Scikit-learn also provides precision_recall_curve() API to visualize the fluctuation of precision and recall at different threshold value. Inside the parameter, we will pass the probability of positive classification (1) for each label.
Input
# precision_recall_curve()
from sklearn.metrics import precision_recall_curve
# extract probability when label value equals 1
pred_proba_class1 = lr_clf.predict_proba(X_test)[:,1]
precisions, recalls, thresholds = precision_recall_curve(y_test, pred_proba_class1)
print('Threshold Array Shape ', thresholds.shape)
thr_index = np.arange(0, thresholds.shape[0], 15)
print('10 Indice of Thresholds : ', thr_index)
print('Values of Thresholds : ', np.round(thresholds[thr_index], 2))
print('Precision for Sample Threshold : ', np.round(precisions[thr_index], 3))
print('Recall for Sample Threshold : ', np.round(recalls[thr_index], 3))
Output
Threshold Array Shape (147,)
10 Indice of Thresholds : [ 0 15 30 45 60 75 90 105 120 135]
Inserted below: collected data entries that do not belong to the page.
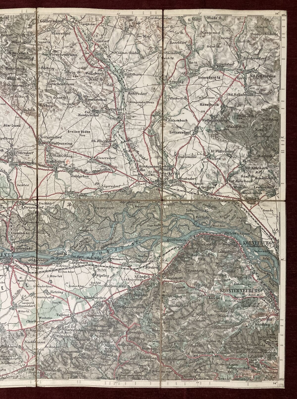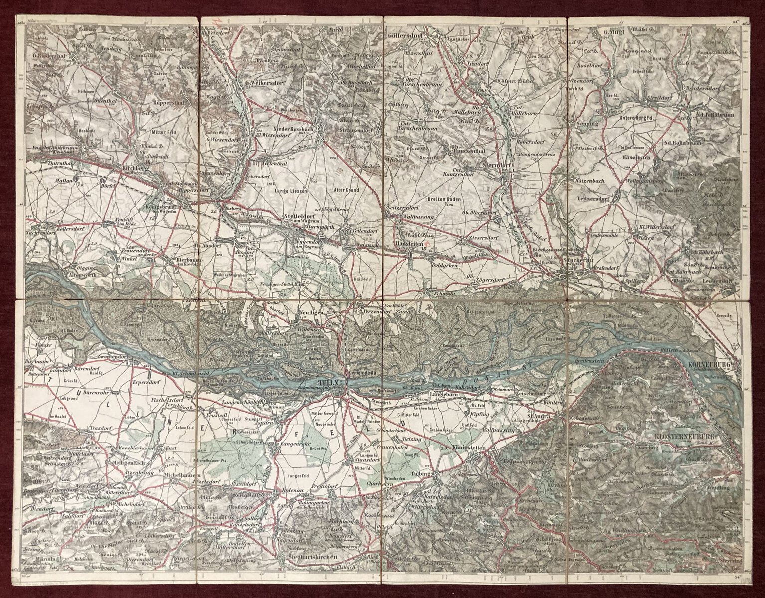 1878 Original Cloth Military Detailed Map Tulln Donau Osterreich Austria Hungary
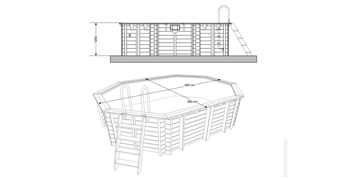 Description Piscine bois octogonale allongée Ubbink Sunwater 490 x 300 x H.120 cm
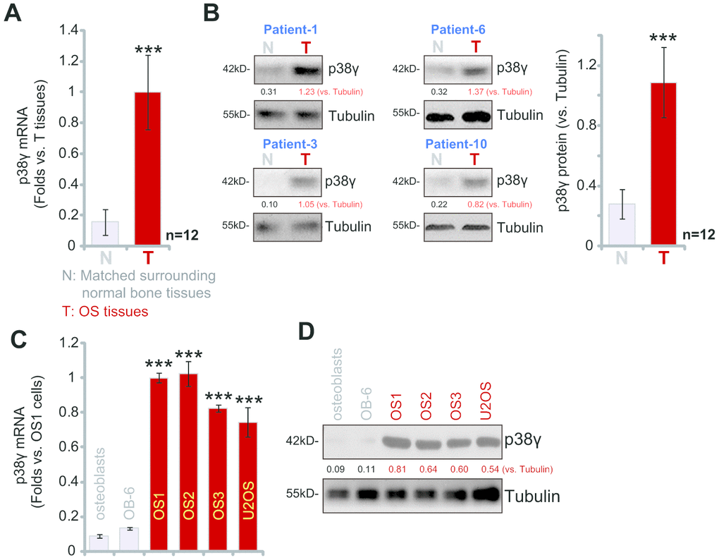 Examining p38γ expression, a total of twelve (n=12) different OS tissues derived from primary human OS patients were tested. qPCR analysis of mRNA expression revealed that p38γ mRNA levels in OS tumor tissues (“T”) were increased over six fold compared to matched surrounding normal bone tissue (“N”) (P<0.001, Figure 1A). Testing p38γ protein expression by Western blotting analysis confirmed a significant upregulation of p38γ protein in OS tumor tissues (Figure 1B, P<0.001 vs. “N” tissues). Similarly, p38γ mRNA (Figure 1C) and protein expression (Figure 1D) are also significantly higher in the U2OS OS cell line and primary human OS cells. The human OS cells were derived from three primary human OS patients, namely OS1, OS2 and OS3 (see Methods, Figure 1C, 1D). In contrast, p38γ mRNA and protein expression were relatively low in OB-6 human osteoblastic cells and primary human osteoblasts (Figure 1C, 1D). These results show that p38γ expression is elevated in human OS tissues and OS cells.
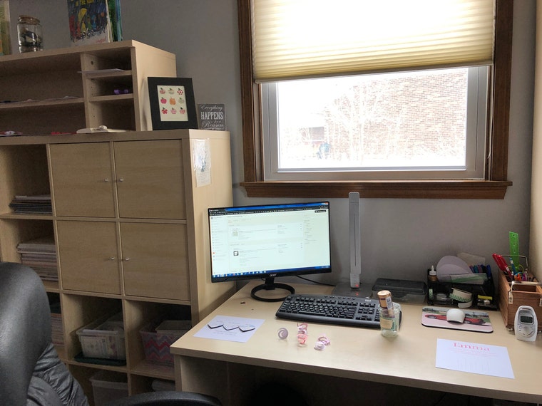 Where the magic happens :-) My happy space, with baby monitor, snow view, and my supplies ready to use. PaperLine Art -
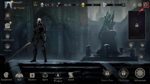 1、进入首页,点击屏幕右上角齿轮设置按钮。
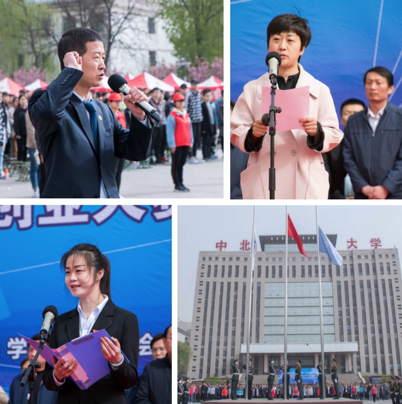 在庄严的升国旗、奏唱国歌仪式后,由校团委副书记魏翀带领所有团员青年重温入团誓词,唤起广大团员青年的使命感和责任心。开幕式上,校团委副书记刘玉巍对本届科技文化艺术节做了详细安排,包括组织机构、主题、“一条主线、两个目标、三个版块”的设计理念以及由“重数量”向“重品牌”转变的创新点,要求各级团学组织要利用好团学新媒体优势做好宣传引导。校学生会主席赵晨成代表青年学生表达了发挥好学生组织在校园文化建设中的生力军作用的坚定信心和决心。“刘鼎杯”大学生创业大赛评审组组长、经济与管理学院院长赵公民教授对2018年“刘鼎杯”创业计划竞赛情况做介绍及终审决赛安排,并表示帮助学生团队培育和改良作品,积极备战将由我校承办的山西省2018年“创青春”大学生创业大赛。

Values of Thresholds : [0.12 0.13 0.15 0.17 0.26 0.38 0.49 0.63 0.76 0.9 ]
Precision for Sample Threshold : [0.379 0.424 0.455 0.519 0.618 0.676 0.797 0.93 0.964 1. ]
Recall for Sample Threshold : [1. 0.967 0.902 0.902 0.902 0.82 0.77 0.656 0.443 0.213]
Input
# visualize precision_recall_curve()
import matplotlib.pyplot as plt
import matplotlib.ticker as ticker
%matplotlib inline
def precision_recall_curve_plot(y_test, pred_proba_c1):
precisions, recalls, thresholds = precision_recall_curve(y_test, pred_proba_c1)
plt.figure(figsize=(6,10))
threshold_boundary = thresholds.shape[0]
# plot precision
plt.plot(thresholds, precisions[0:threshold_boundary], linestyle='--', label='precision')
# plot recall
plt.plot(thresholds, recalls[0:threshold_boundary], label='recalls')
start, end = plt.xlim()
plt.xticks(np.round(np.arange(start, end, 0.1), 2))
plt.xlabel('Threshold Value'); plt.ylabel('Precision and Recall Value')
plt.legend(); plt.grid()
plt.show()
precision_recall_curve_plot(y_test, lr_clf.predict_proba(X_test)[:,1])
Output
As we have seen in graph, precision and recall change as the value of threshold is adjusted. Such adjustment must be performed to an extent where two metrics values are balanced.
How to Make Precision 100%
Predict positive for certain cases and otherwise negative. For example, out of 1000 patients, simply predict 1 patient with certain symptoms of cancer as positive and negative for remaining 999 patients. Precision-score will be 100% (1/ (1 + 0)).
How to Make Recall 100%
Predict positive for entire cases. Since sum of false negative equals 0 in such case, recall-score will equal 100%.